[Opening Dataset extract section]

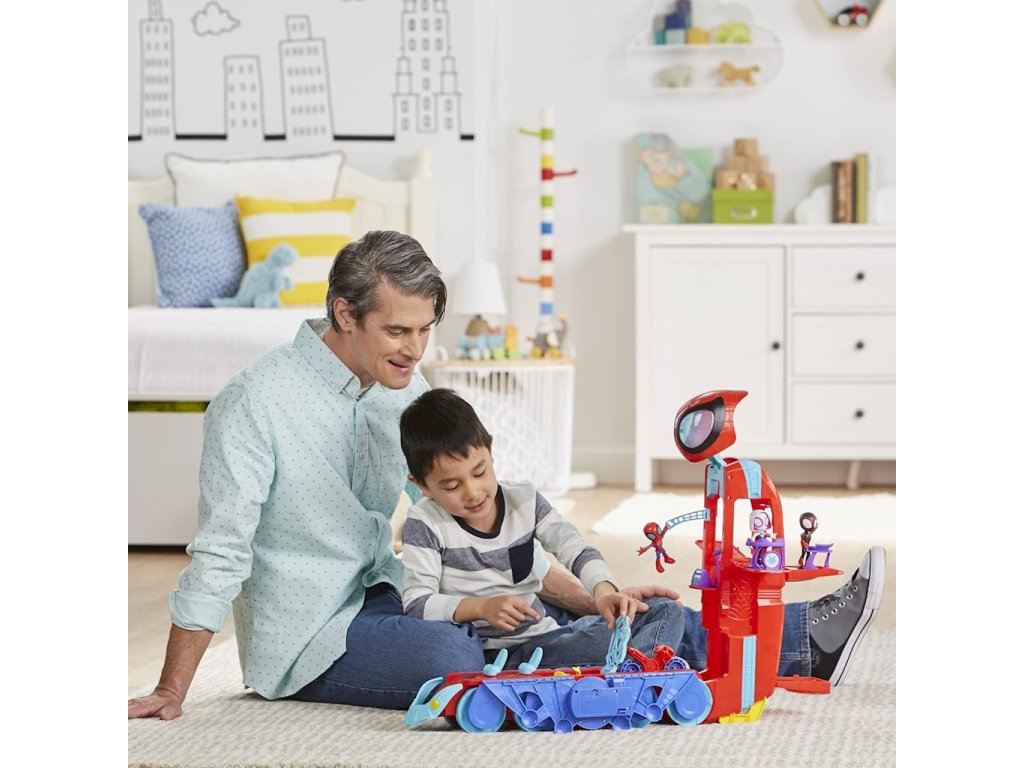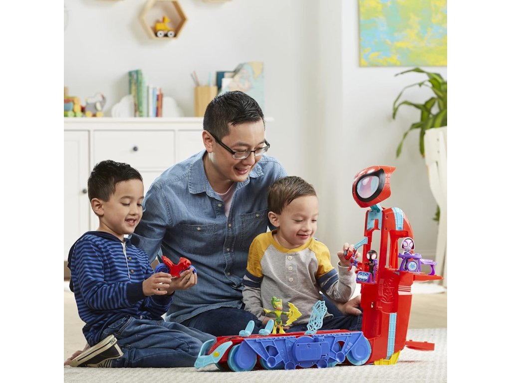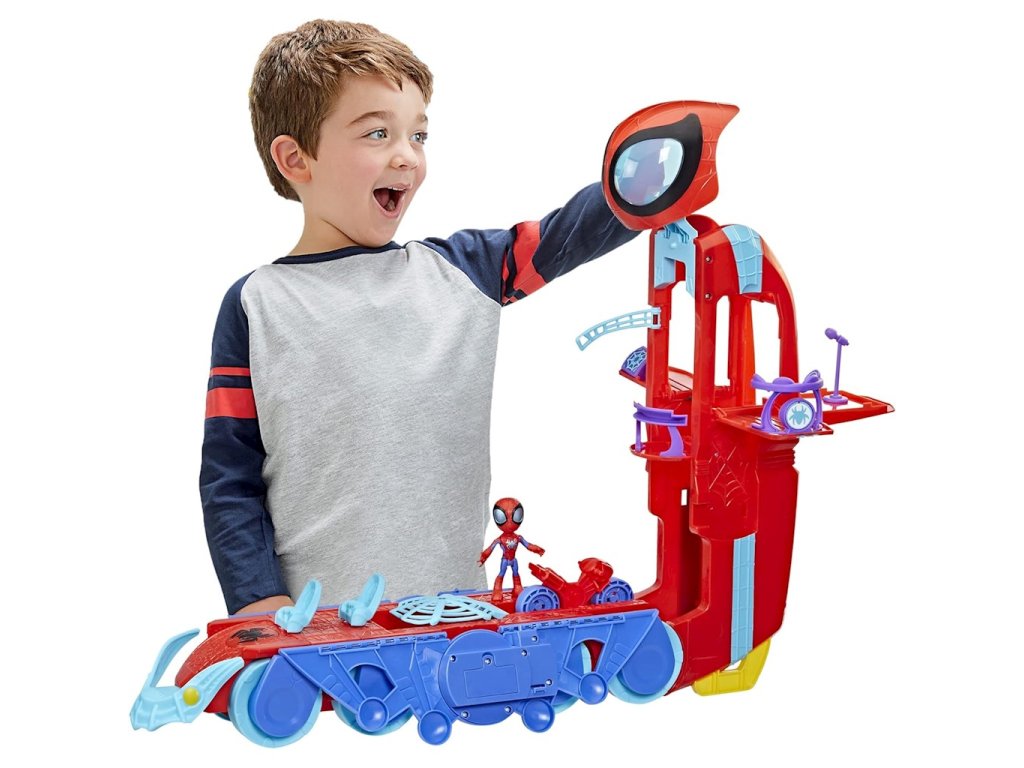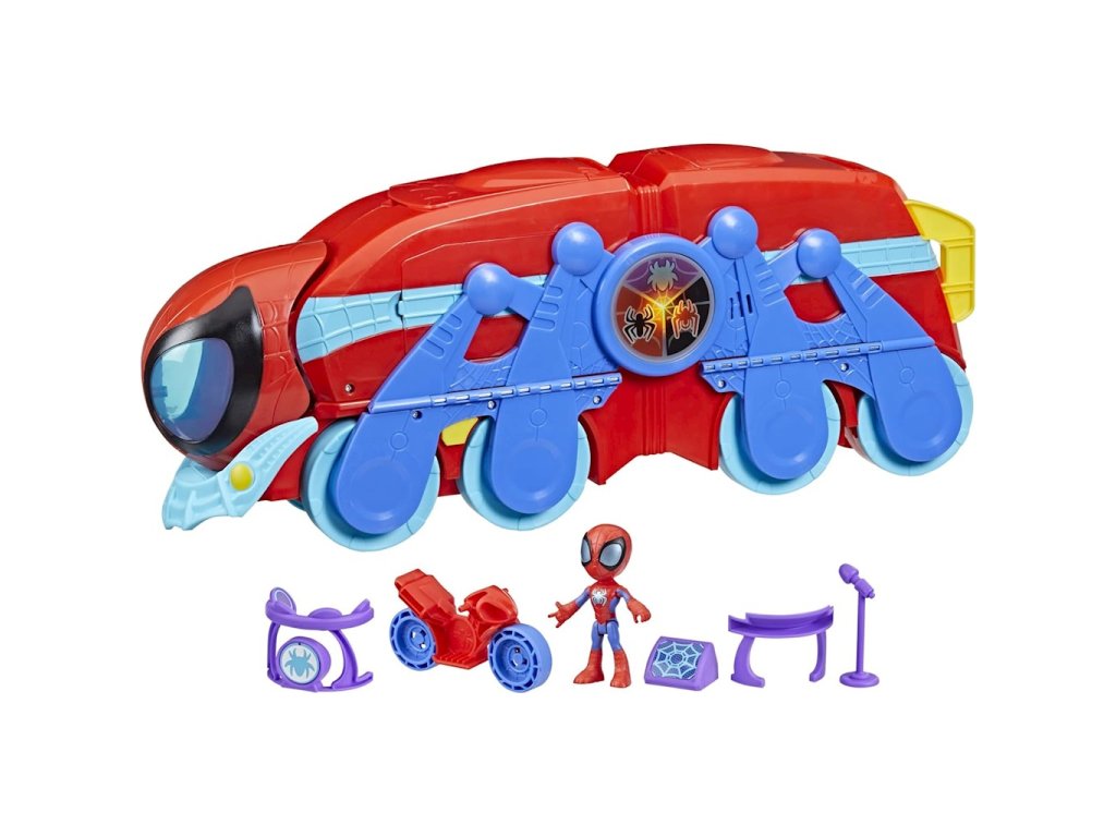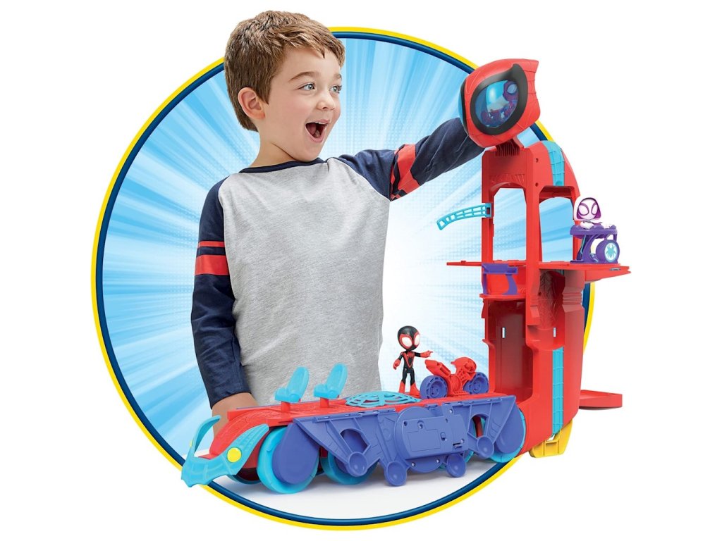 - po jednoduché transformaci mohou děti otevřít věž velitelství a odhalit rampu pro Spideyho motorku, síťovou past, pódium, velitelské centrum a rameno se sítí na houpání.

[Closing Dataset extract section]
[Opening Dataset extract section]

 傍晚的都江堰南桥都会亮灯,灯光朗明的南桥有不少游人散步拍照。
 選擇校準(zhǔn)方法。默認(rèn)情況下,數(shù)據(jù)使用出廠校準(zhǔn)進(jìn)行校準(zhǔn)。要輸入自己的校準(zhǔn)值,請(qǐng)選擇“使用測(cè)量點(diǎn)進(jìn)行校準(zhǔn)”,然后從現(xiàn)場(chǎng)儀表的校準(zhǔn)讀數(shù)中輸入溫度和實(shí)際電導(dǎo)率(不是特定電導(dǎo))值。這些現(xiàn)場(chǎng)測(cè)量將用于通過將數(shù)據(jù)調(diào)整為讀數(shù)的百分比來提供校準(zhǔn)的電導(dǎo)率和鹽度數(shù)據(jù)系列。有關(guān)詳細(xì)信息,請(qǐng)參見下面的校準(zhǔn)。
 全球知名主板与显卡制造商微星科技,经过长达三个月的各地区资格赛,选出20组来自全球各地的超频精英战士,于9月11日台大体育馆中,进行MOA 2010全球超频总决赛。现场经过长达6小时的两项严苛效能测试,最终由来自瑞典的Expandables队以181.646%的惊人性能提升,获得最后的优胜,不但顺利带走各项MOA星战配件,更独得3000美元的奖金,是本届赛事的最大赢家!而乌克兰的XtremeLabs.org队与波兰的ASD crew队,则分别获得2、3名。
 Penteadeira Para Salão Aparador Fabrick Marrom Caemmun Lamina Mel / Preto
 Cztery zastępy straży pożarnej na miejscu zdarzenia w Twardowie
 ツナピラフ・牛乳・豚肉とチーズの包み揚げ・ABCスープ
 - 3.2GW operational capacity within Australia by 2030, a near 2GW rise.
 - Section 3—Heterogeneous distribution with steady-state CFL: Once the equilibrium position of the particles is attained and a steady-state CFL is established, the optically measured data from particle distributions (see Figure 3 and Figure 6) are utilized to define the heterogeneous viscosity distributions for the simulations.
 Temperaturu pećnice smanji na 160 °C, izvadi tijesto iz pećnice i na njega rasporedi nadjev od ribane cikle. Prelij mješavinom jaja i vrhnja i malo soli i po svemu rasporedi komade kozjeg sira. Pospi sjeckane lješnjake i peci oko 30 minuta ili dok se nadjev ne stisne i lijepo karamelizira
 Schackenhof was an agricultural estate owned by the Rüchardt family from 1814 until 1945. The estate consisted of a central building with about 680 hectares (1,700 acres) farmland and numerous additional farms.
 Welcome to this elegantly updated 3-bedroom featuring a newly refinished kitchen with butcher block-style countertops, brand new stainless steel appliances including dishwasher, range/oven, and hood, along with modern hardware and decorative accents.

[Closing Dataset extract section]
[Opening Dataset extract section]

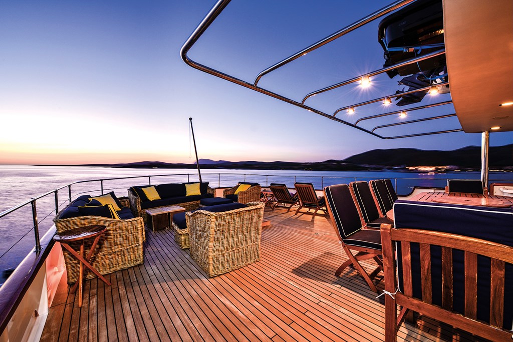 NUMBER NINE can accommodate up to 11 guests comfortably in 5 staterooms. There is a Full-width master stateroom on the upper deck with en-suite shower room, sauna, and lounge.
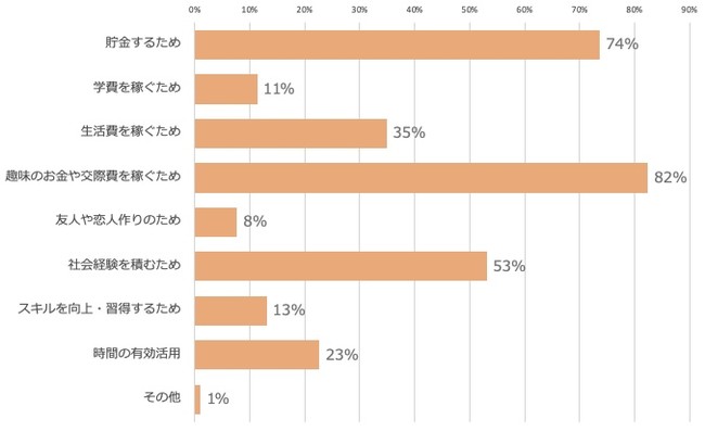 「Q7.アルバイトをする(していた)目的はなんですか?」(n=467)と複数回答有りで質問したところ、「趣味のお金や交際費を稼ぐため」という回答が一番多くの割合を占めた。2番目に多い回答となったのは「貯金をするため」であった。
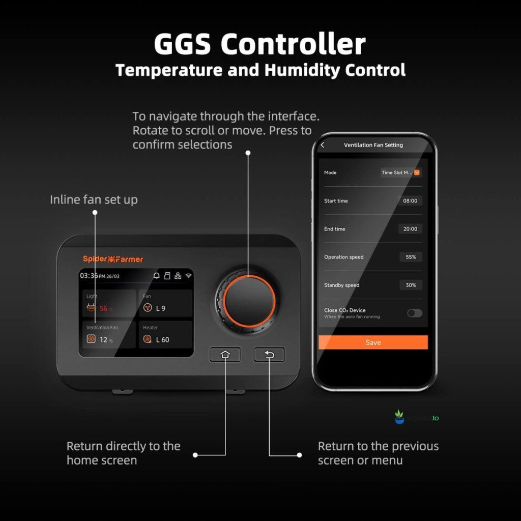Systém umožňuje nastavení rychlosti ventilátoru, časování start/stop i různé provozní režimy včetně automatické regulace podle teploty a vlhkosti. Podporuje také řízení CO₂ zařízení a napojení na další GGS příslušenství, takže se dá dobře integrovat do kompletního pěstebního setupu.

[Closing Dataset extract section]

» **Work required**
Lines containing "from" in the listing: how many are there? Answer with the number only.

» **Result of the exercise**
2